In a condemnation action, the burden of proof is on the condemning authority to demonstrate, by the preponderance of the evidence, that the taking of a private property is for a public use, unless the condemnation action involves a taking of private property FOR THE ERADICATION OF BLIGHT, in which case the burden of proof is on the condemning authority to demonstrate, by clear and convincing evidence, that the taking of that property is for a public use.

 

What has been missed to date by the communities is the misunderstanding of the language in the Constitution and the stricter language of the State statute.  The State statute may be changed.

At the time of Poletown, there was not a clear understanding of all of the available benefits under the Uniform Relocation Act now available.  However, payment does not protect one from an acquisition without the preservation of the right to acquire by the agency.

The final comment here should be why Detroit has developed so well.  Clearly the efforts of Dan Gilbert and his associates have made a huge difference in downtown.  Yet, this redevelopment was bound to work with or without Dan Gilbert.  When one understands of the available alternatives to eminent domain for redevelopment, such as brownfield financing, tax increment financing, economic development funds, and a myriad of other forms of relief through assist and the rehabilitation of older buildings, one can see the result of the lack of easy eminent domain.  Economic activity has increased.

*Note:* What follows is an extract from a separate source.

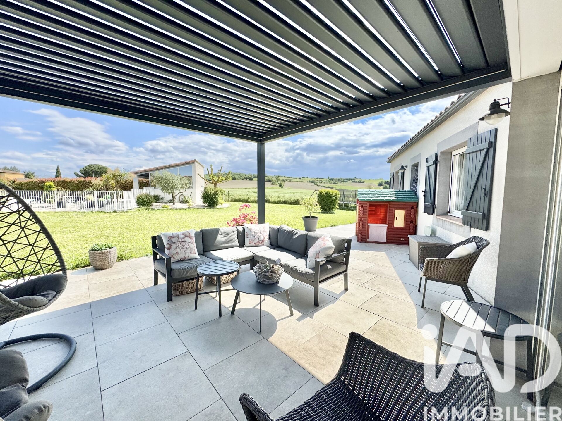 Iad France - Johanna Sierakowski vous propose : VILLENEUVE-LES-MONTRÉAL - VILLA DE PLAIN-PIED DE 206 m² environ- TERRAIN CLOS CONSTRUCTIBLE ET ARBORÉ DE 2000 m² environ - JARDIN PAYSAGER - PERGOLA BIOCLIMATIQUE - PORTAIL MOTORISÉ - PISCINE AU SEL ENTIÈREMENT SÉCURISÉE - POOL HOUSE AVEC BARBECUE - ARROSAGE AUTOMATIQUE INTÉGRÉ - DOUBLE SÉJOUR LUMINEUX DE 73 m² - CELLIER / BUANDERIE - 6 CHAMBRES DONT UNE SUITE PARENTALE - 3 SALLES D'EAU - 2 WC INDÉPENDANTS - MULTIPLES SYSTÈMES DE CHAUFFAGE- POÊLE À BOIS - CLIMATISATION RÉVERSIBLE - ABRIS BOIS - ATELIER - VUE DÉGAGÉE SUR LA NATURE ENVIRONNANTE - AU COEUR D'UN VILLAGE CALME. À 45 minutes de TOULOUSE, à 15 minutes de CARCASSONNE et son aéroport, à 5 minutes de l'accès autoroutier de BRAM, et seulement 2 minutes de MONTRÉAL et ses commerces. À 1h des plages du littoral et des stations de ski. Construite en 2009, cette élégante villa de plain-pied d’environ 206 m² propose des prestations de qualité et de beaux volumes. Elle s’ouvre sur un hall d’entrée avec placards, un WC indépendant, ainsi qu’un cellier / buanderie. L’espace de vie, traversant et baigné de lumière, offre une superficie généreuse de 73 m² et se compose d’un salon, d’une salle à manger et d’une cuisine ouverte entièrement équipée. L’espace nuit dessert six chambres avec rangements intégrés, dont une suite parentale disposant de sa propre salle d’eau. Deux salles de douche supplémentaires ainsi qu’un second WC indépendant viennent compléter l’ensemble. La villa est nichée au cOEur d’un jardin paysager, clos, arboré (olivier, cerisier, abricotier, lilas, phénix. ) et constructible d’environ 2000 m², en lisière de champs, offrant une vue imprenable sur la nature environnante. Le terrain est équipé d’un système d’arrosage intégré, facilitant l’entretien des espaces verts. Elle dispose d’une piscine au sel, entièrement sécurisée, accompagnée d’un pool house aménagé pour vos moments de détente. Un abri de jardin, un atelier ainsi qu’un vaste espace de stationnement pouvant accueillir plusieurs véhicules et / ou un camping-car viennent compléter ce bien d’exception. L’isolation des plafonds en plaques de plâtre, associée à un comble fortement ventilé avec isolation intérieure, garantit une excellente performance thermique. Les menuiseries en PVC double vitrage, combinées à des volets en bois et des volets roulants électriques, renforcent le confort, l'efficacité énergétique et la sécurité de la maison. Toutes les pièces d’eau sont équipées d’un système de ventilation mécanique contrôlée (VMC), assurant une aération optimale. Un poêle à bois, couplé à un système de climatisation réversible, permet de chauffer à moindre coût en hiver et de maintenir une température agréable en été, même lors des fortes chaleurs propres à la région. Foncier : 2230 euros. LES + : - Plain-pied - Jardin clos, constructible et arboré de 2000 m² environ - Multiple systèmes de chauffage (poêle à bois / climatisation réversible et électrique) - Exposition Sud - Piscine au sel, entièrement sécurisée - Très bonne isolation - Entièrement équipée de PVC double vitrage - 6 Chambres dont une suite parentale - Cellier / buanderie - Grand parking pouvant accueillir plusieurs voitures et camping-cars - Arrosage automatique intégré - Abri bois - Atelier - Fosse septique vidée avant la vente - Portail d'entrée électrique - Fibre - Absolument aucun travaux à prévoir - Matériaux de qualité - Village calme à seulement 3 minutes de toutes commodités COUP DE COEUR ASSURÉ RÉSERVEZ VOTRE VISITE SANS TARDER Honoraires d'agence à la charge du vendeur. Information d'affichage énergétique sur ce bien : classe ENERGIE B indice 103 et classe CLIMAT A indice 3. Les informations sur les risques auxquels ce bien est exposé, y compris l'obligation légale de débroussaillement, sont disponibles sur le site Géorisques : http://www.georisques.gouv.fr. La présente annonce immobilière a été rédigée sous la responsabilité éditoriale de Mme Johanna Sierakowski mandataire indépendant en immobilier (sans détention de fonds), agent commercial de la SAS I@D France immatriculé au RSAC de CARCASSONNE sous le numéro 902981646, titulaire de la carte de démarchage immobilier pour le compte de la société I@D France SAS.

In conclusion, the eminent domain process when economic development was available as a basis for eminent domain fulfilled the failure in the system of what Chief Justice Roberts alluded to in his comment in the Murr v Wisconsin dissent that:

“regulatory takings, however – by their very nature – pit the common good against the interests of a few… in the face of this imbalance, the Takings Clause ‘prevents the public from loading upon the one individual more than his just share of the burdens of government; Monongahela Nav. v United States, 14 at U.S. 312, 325 (1893), by considering the effect of regulation on specific property rights as they are established at state law.”

 

This issue of balance is one that the State of Michigan still must remedy. Given the Kelo decision, with the response by so many states that acquisition for an end private user was inappropriate, one can readily foresee an “overreach” and a response to the overreach.